▶ **Source material**

· · · ·

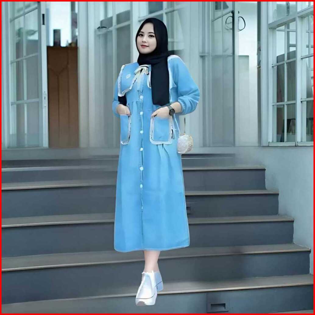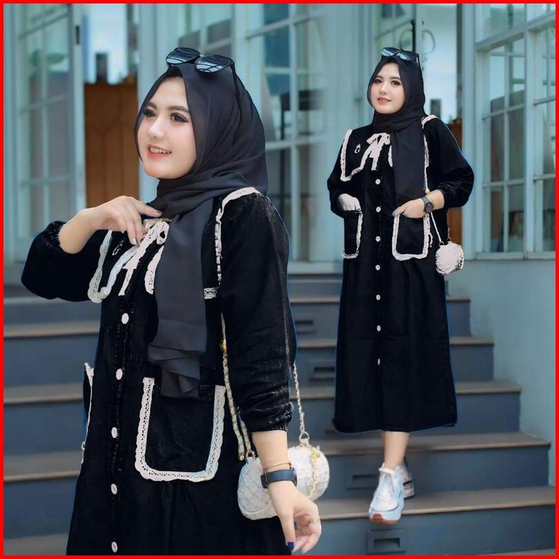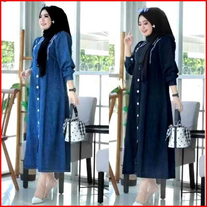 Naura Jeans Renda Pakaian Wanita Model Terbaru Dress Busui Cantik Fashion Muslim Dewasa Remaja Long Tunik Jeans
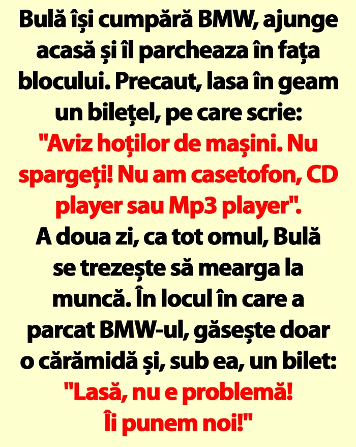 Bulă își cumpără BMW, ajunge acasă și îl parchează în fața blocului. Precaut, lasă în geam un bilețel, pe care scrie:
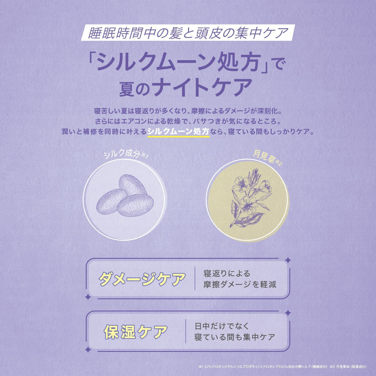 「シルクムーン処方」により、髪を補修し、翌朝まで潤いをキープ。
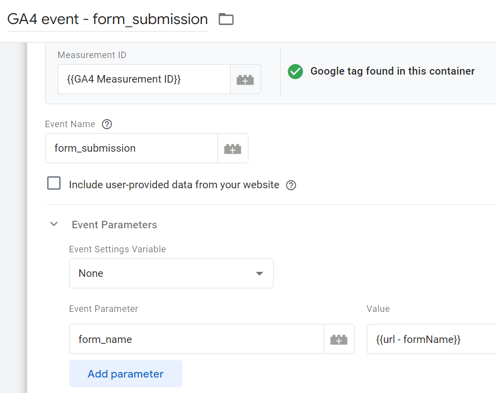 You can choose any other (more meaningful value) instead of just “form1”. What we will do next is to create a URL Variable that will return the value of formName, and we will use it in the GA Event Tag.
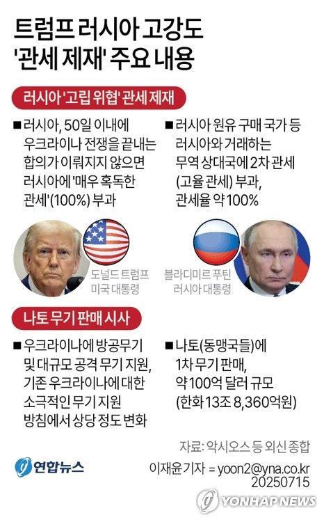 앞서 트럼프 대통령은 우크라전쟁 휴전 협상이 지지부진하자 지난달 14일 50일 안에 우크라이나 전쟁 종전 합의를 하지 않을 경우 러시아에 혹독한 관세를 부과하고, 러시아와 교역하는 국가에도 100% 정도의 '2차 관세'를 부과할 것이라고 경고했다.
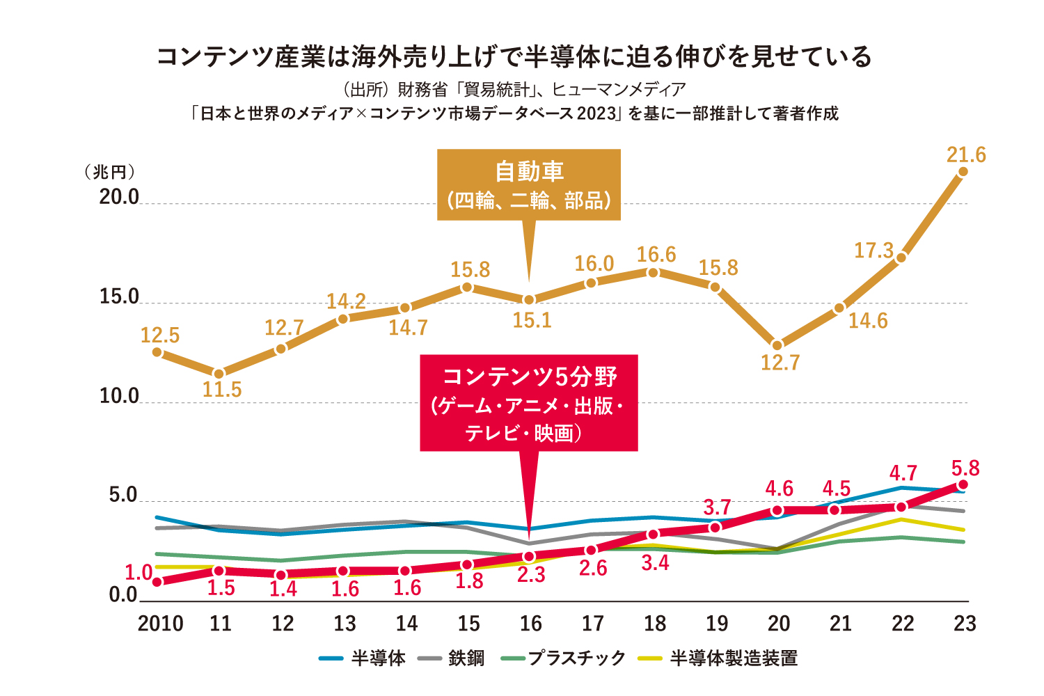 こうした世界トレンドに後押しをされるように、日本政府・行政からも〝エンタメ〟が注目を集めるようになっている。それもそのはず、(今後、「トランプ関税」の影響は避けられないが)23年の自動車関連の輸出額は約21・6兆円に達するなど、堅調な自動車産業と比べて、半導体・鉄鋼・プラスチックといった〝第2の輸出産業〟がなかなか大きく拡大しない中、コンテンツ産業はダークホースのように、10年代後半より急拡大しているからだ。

· · · ·

▶ **Task directions**
An exact copy of the listing is required, with every image removed.

▶ **Reply**
 Naura Jeans Renda Pakaian Wanita Model Terbaru Dress Busui Cantik Fashion Muslim Dewasa Remaja Long Tunik Jeans
 Bulă își cumpără BMW, ajunge acasă și îl parchează în fața blocului. Precaut, lasă în geam un bilețel, pe care scrie:
 「シルクムーン処方」により、髪を補修し、翌朝まで潤いをキープ。
 You can choose any other (more meaningful value) instead of just “form1”. What we will do next is to create a URL Variable that will return the value of formName, and we will use it in the GA Event Tag.
 앞서 트럼프 대통령은 우크라전쟁 휴전 협상이 지지부진하자 지난달 14일 50일 안에 우크라이나 전쟁 종전 합의를 하지 않을 경우 러시아에 혹독한 관세를 부과하고, 러시아와 교역하는 국가에도 100% 정도의 '2차 관세'를 부과할 것이라고 경고했다.
 こうした世界トレンドに後押しをされるように、日本政府・行政からも〝エンタメ〟が注目を集めるようになっている。それもそのはず、(今後、「トランプ関税」の影響は避けられないが)23年の自動車関連の輸出額は約21・6兆円に達するなど、堅調な自動車産業と比べて、半導体・鉄鋼・プラスチックといった〝第2の輸出産業〟がなかなか大きく拡大しない中、コンテンツ産業はダークホースのように、10年代後半より急拡大しているからだ。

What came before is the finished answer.